As I gradually get reacquainted with life on the ‘net, I’ve been catching up with my feed reader, news of the world, etc., and I’ve been a little startled to realize that not much has happened on the ‘net in the past 10 days. That’s perhaps a bit of an exaggeration, but very little of what I missed while I was away has caught my eye.

And then I noticed some comments by Robert Scoble that resonated with me. He’s announced that he’s going to moderate comments, and it appears to be of a piece with an effort he’s making to foster positive change in his life. Gist:

But, mostly, this past week was about change.

Some things I’ve changed? 1) No more coffee. 2) No more soda. 3) Xercising. 4) No more unhappy people in my life. 5) Get balance back in my own life.

Thanks to all the interesting people I’ve had conversations with this week.
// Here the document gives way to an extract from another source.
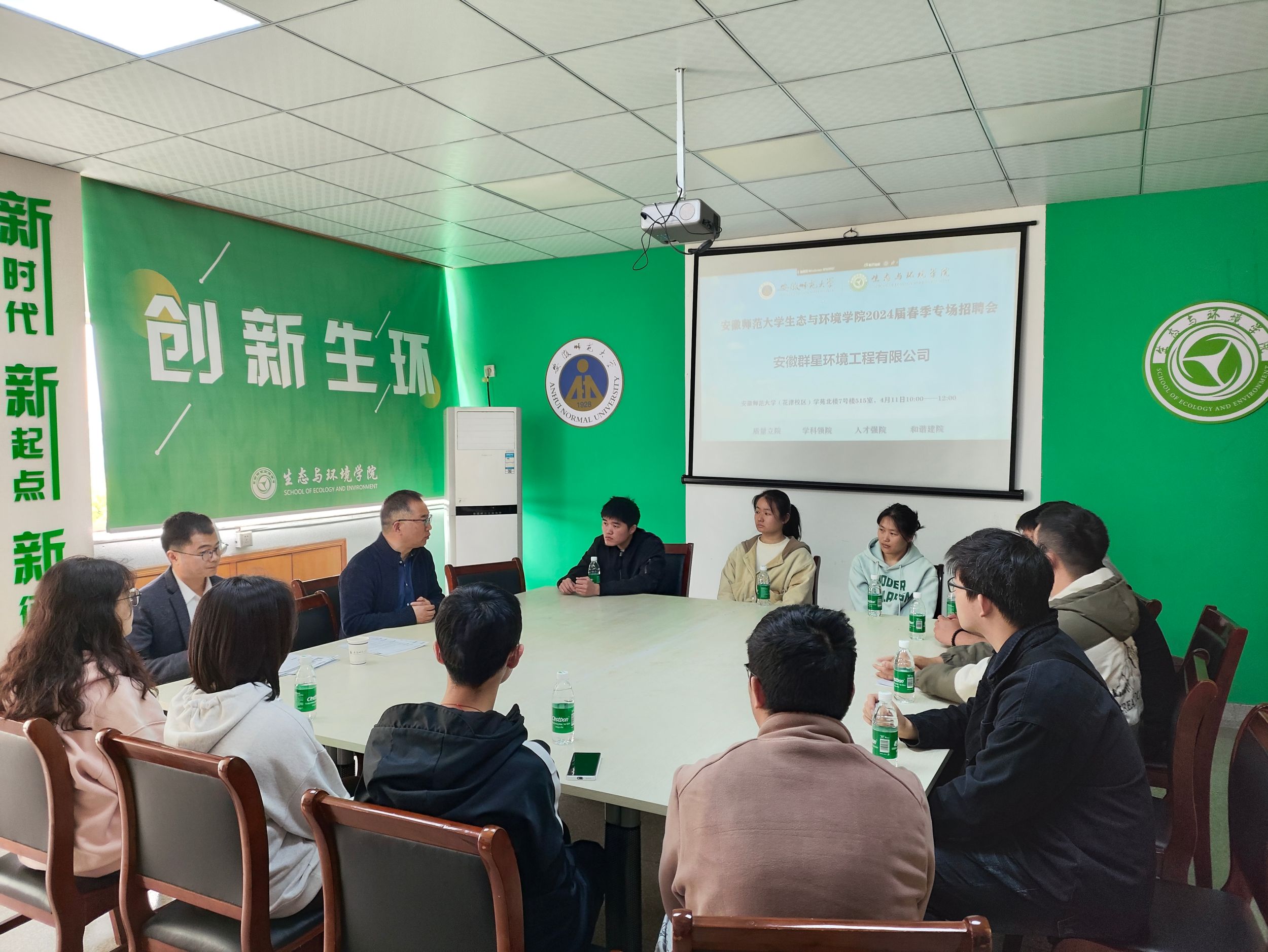 4月11日上午,安徽群星环境工程有限公司应邀在学院行政楼五楼会议室举行专场招聘会,公司执行董事程鸣、总经理方志男、人事负责人王莹与学院本、硕毕业班学生应聘同学交流。

More than 100 people by last count. Some, who, Gent Hito, showed me some killer technology (it’s called RSSBus, and takes RSS into places I never really thought about. In other words, things that aren’t blogs or news feeds. If you’re a developer you should get a demo from Gent).
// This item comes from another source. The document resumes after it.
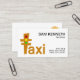 No verso, os detalhes estão na parede direita do cartão. No topo está o logotipo amarelo do táxi seguido pelo nome da empresa, seus detalhes de contato e uma opção de slogan.

One of my most memeorable conversations, though, was with Buzz Bruggeman, CEO of ActiveWords and a good friend. He told me to hang around people who are happy. And I realized I had been listening to too many people who were deeply unhappy and not bringing any value into my life. He told me to listen to this recording on NPR about “finding happiness in a Harvard Classroom.” He also told me about the four agreements, which are Don Miguel Ruiz’s code for life. Good stuff.

It was that moment that I decided to moderate my comments here. Yes, I am now approving every comment here. And I will delete any that don’t add value to either my life or the lives of my readers.
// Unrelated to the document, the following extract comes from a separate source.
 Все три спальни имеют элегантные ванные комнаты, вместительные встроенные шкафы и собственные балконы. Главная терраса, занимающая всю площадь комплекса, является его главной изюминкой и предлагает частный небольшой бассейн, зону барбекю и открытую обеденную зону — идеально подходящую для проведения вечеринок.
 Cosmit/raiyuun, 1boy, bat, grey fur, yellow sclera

My impressions – First, making changes is a grand idea – Scoble is the unfortunate focus of a lot of critical attention, simply because he’s a visible Microsoft blogger, and being at the business end of all of that unremitting and pointless negativity has to be terribly corrosive, and a serious waste of time. If that comes with living online, it’s time to think about getting offline.

Second, anything that Buzz is selling, I’m buying. I’ve only met him once, and emailed with him only a few times, but that was enough to recognize that Buzz is a blast of fresh air and a very positive influence.

Third, the blogsophere seems to be a magnet for deeply unhappy people – one sees this over and over again, but I had too close an experience with it after my recent Dvorak / Apple postthe comments I received here and on Digg.com were an unwelcome insight into the effort that some on the internet will go to complain, criticize and insult for no useful purpose. Oh, and there are a lot of them.

Fourth, if it were me dealing with such negativity in comments, I wouldn’t moderate my comments, I’d either ignore them or I’d require commenters to register (with verified email) before commenting, and I’d IP block those who show that they can’t contribute without adult supervision. Moderating is simply going to require paying a lot of attention to a lot of negativity – I think a bigger change is in order. First, if you ignore your comments, anything that really adds to the conversation will find some other way to announce itself to you and you can resume the conversation when it does. Second, requiring commenters to register is a pain for the readership, but anyone with anything really worth reading is not going to mind the effort.

Finally, I can’t help but wonder whether Scoble is (finally) experiencing the blog fatigue that Phil Sim recently described. Living a life online does take a toll, and getting away from it for occasional (long) stretches may well be a very good thing.